The easiest way to analyze such a problem is simply to pick one inertial frame for all the analysis. You can figure out what any observer sees from this one frame.

In addition, your problem has no real answer in principle. You are not asking about a duration, but what time is seen on a clock at an arbitrary moment. The answer depends on when and how initial setting and synchronization is done - which you don't specify. Further, for a non-inertial frame there is no uniquely preferred method of synchronization (as there is for inertial frames). Which one you choose will produce different answers.

3. Jun 19, 2011

### bcrowell

Staff Emeritus
Hi, chubert,

Welcome to PF!

It sounds to me like you're groping your way toward an idea that is explained very clearly in this paper:

Gron, Relativistic description of a rotating disk, Am. J. Phys. 43 (1975) 869

The idea is that clocks can't be globally synchronized in a rotating frame of reference. Unfortunately Gron's paper isn't freely available online. I've given a shorter explanation of some of the same ideas here: http://www.lightandmatter.com/html_books/genrel/ch03/ch03.html#Section3.4 [Broken] (subsection 3.4.4).

What Gron does is to take Lorentz transformations between neighboring points on the circle, which, if done carefully, avoids the problems PAllen pointed out with your approach.

-Ben

Last edited by a moderator: May 5, 2017
4. Jun 19, 2011

### chubert

Thank you Pallen for your welcome and your prompt reply!

I agree that the coordinate is not straight, but it can be made 'almost' straight by increasing the circle size, and for S large enough, the transformation will necessarily lead for t=0 to something like t'=-ax along the circle for some positive a, which is the main point and produces the paradox. The paradox can disappear only if a=0.

Regarding synchronization: each circle synchronizes his own clocks in the usual way (one can consider polygones to avoid infinitesimal calculus), and at x=0 and t=0 we let x'=0 and t'=0.

5. Jun 19, 2011

### bcrowell

Staff Emeritus
This is what the Gron paper proves is impossible.

-Ben

6. Jun 19, 2011

### chubert

Thank you Ben, and nice feedback here!

OK, the problem lies then in the C' synchronization. I'm reading your section 3.4.4, thanks for the link.
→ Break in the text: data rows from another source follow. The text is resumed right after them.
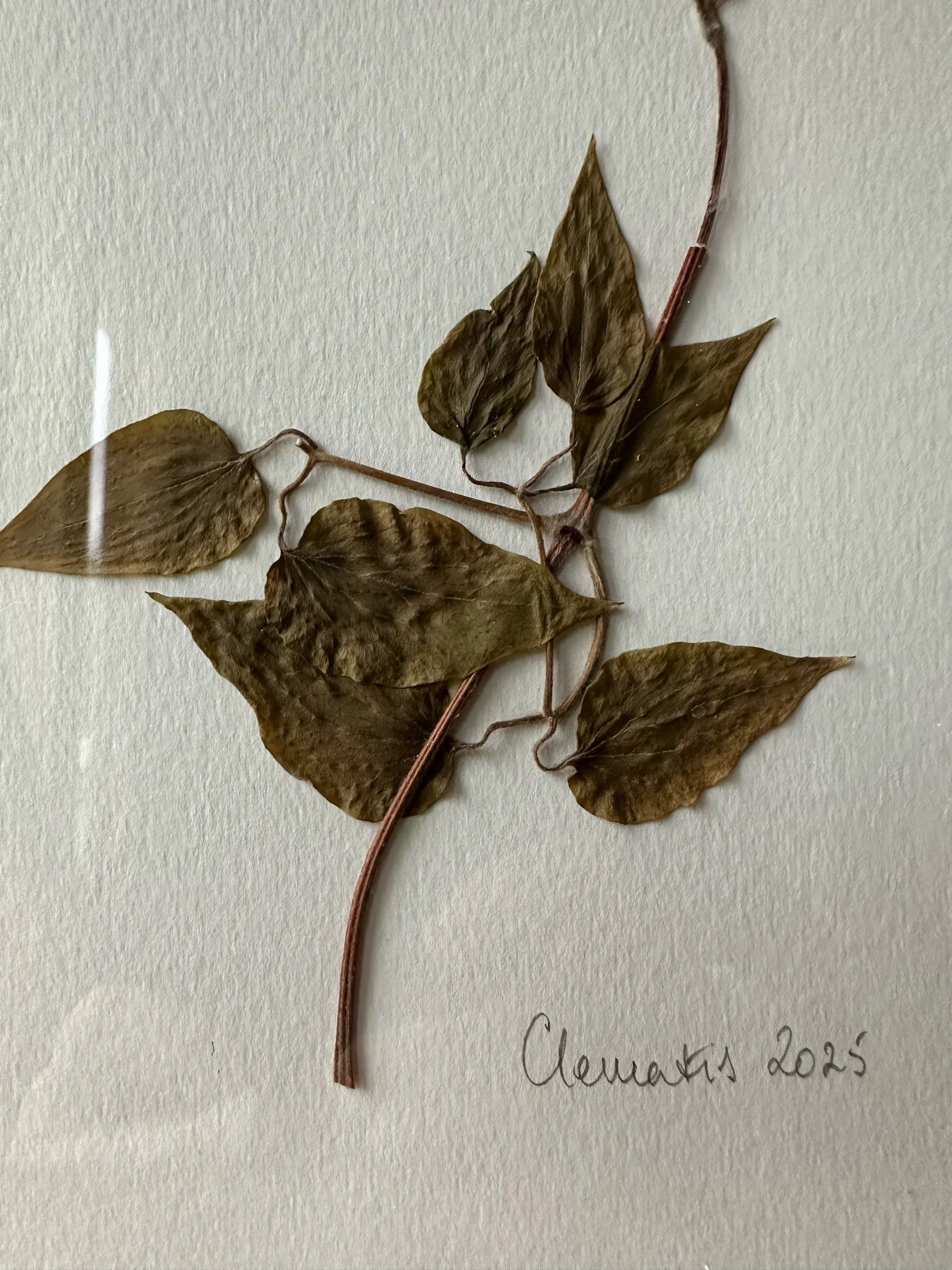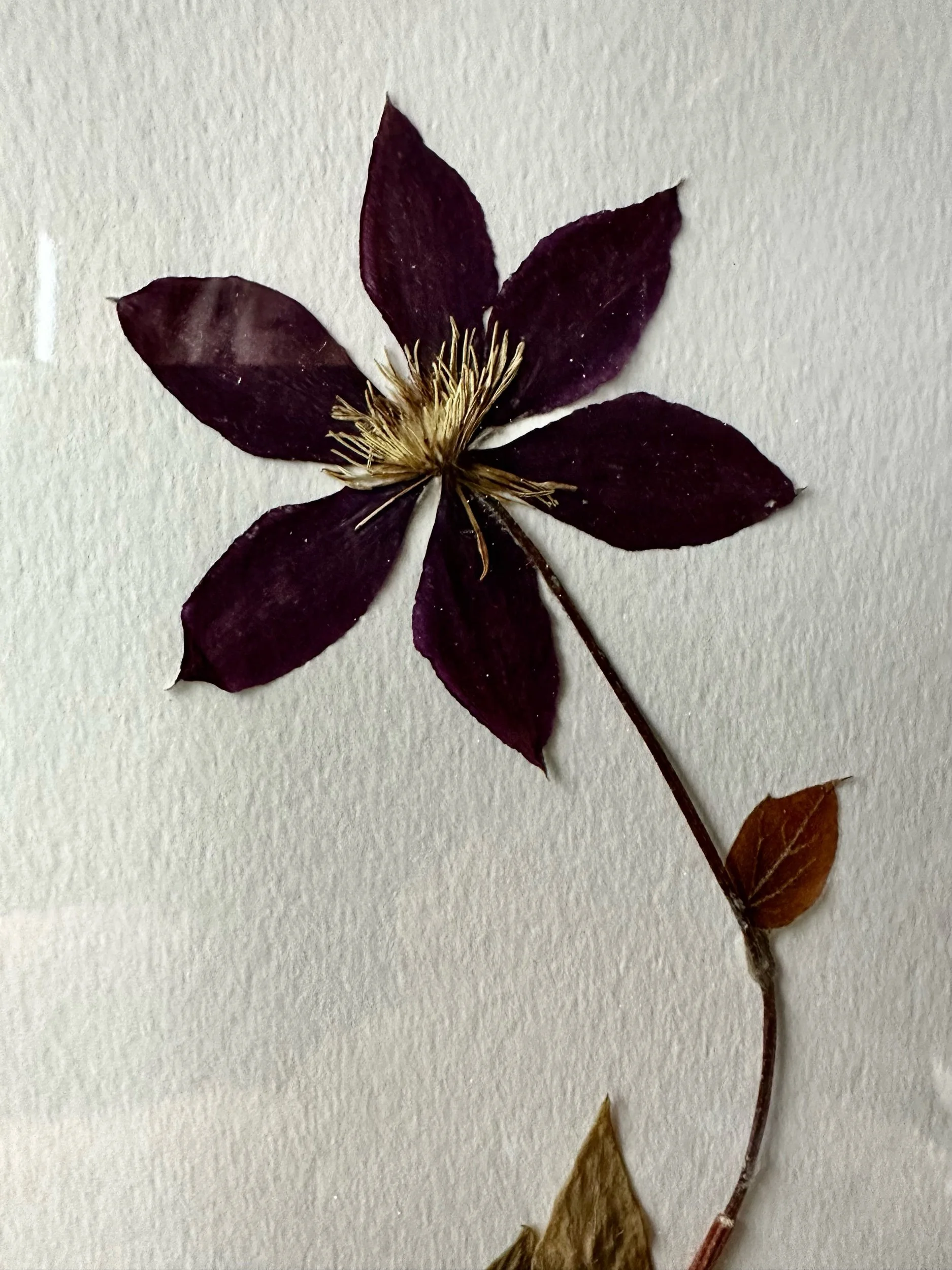 Shop › Pressed Small Clematis Image 1 of 5 Image 2 of 5 Image 3 of 5 Image 4 of 5 Image 5 of 5 Pressed Small Clematis £58.00 Pressed clematis, purple and small headedFramed using black linen tape30 x 21cm Add To Cart Added! Pressed clematis, purple and small headedFramed using black linen tape30 x 21cm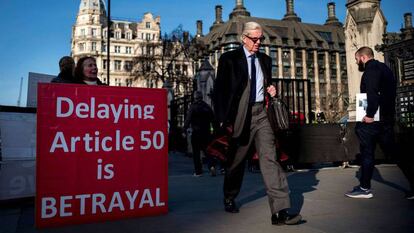 Los rostros de tres de los ministros de su Gabinete, Greg Clark, Amber Rudd y David Gauke, han vuelto este fin de semana a las portadas de la prensa por su amenaza cada día más nítida de apoyar un aplazamiento del Brexit para conjurar que este pueda materializarse a las bravas. Su posición definitiva —y la de muchos parlamentarios de las filas tories— será puesta a prueba el próximo miércoles, cuando en los Comunes se vote una retahíla de enmiendas entre las que se incluye una que plantea la prórroga de la fecha del Brexit si en un plazo inmediato May no ha recabado el apoyo necesario a su acuerdo de salida. Ese plazo puede expirar el 12 de marzo.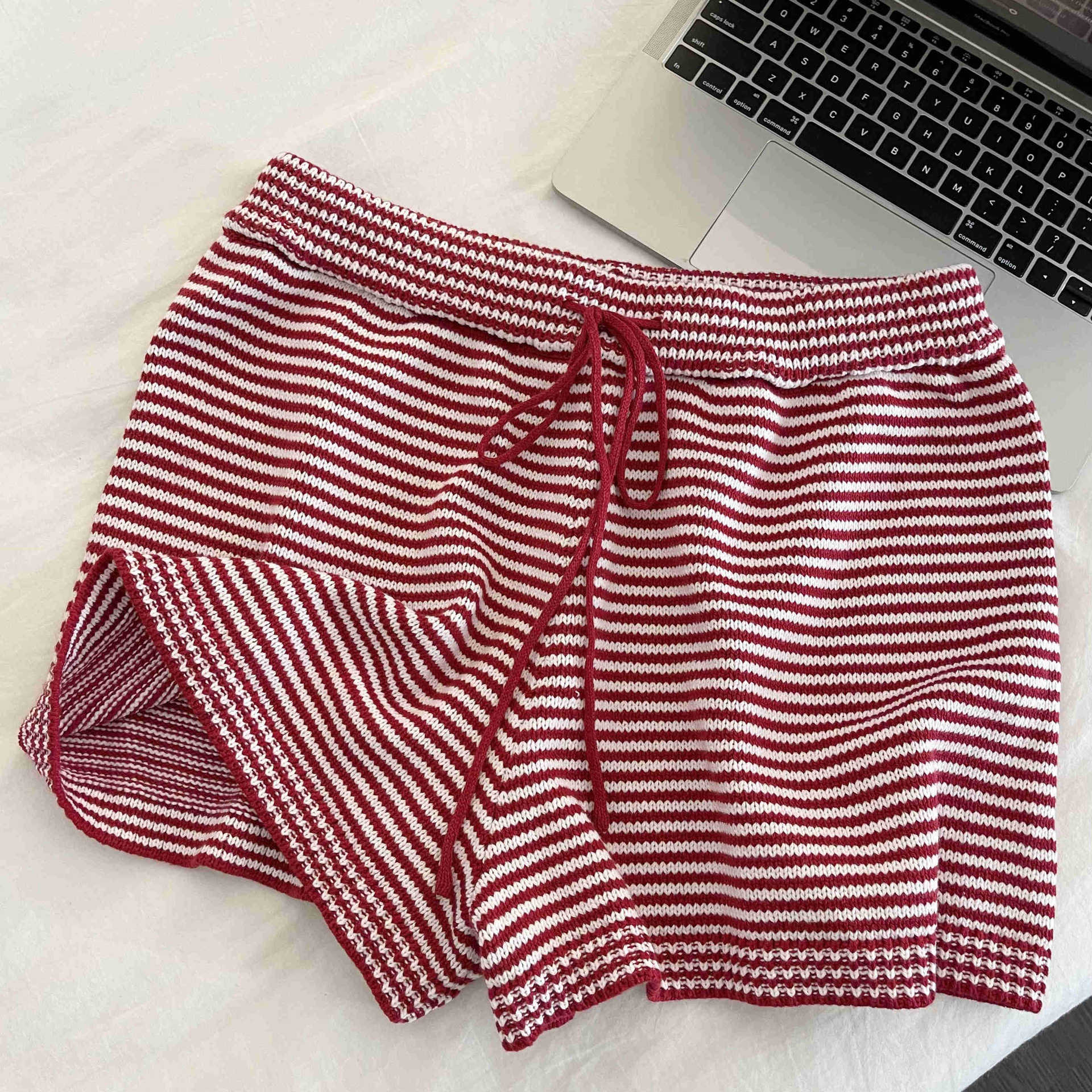 【现货】韩系简约慵懒条纹睡裤女夏新款休闲风高腰短裤家居服

Last edited by a moderator: May 5, 2017
7. Jun 19, 2011

### chubert

You were too fast and posted while I was replying to your first post. Your lecture is very interesting and seems to respond to my question, although it will take me some time to assimilate :) Thanks again Ben.

8. Jun 19, 2011

### PAllen

The problem is that you can make nearby points on the circle effectively straight, but for a point half way around the circle, you cannot pretend you have a straight line.

As for synchronization, the issue is in your C' frame - as a whole, you cannot make it nearly inertial. In an inertial frame, any 'reasonable' way of actually synchronizing clocks produces the same result. In a non-inertial frame, different operational ways of doing it produce different results, and there is no clear way to prefer one over the other.

9. Jun 19, 2011

### chubert

Yes, it is clear for me now, I was naively believing that C' (which I now know from Ben as being the carousel) could be synchronized. I could have guessed that the paradox was a proof of this impossibility (which it is I believe) :). Thanks to both of you, I can now sleep well.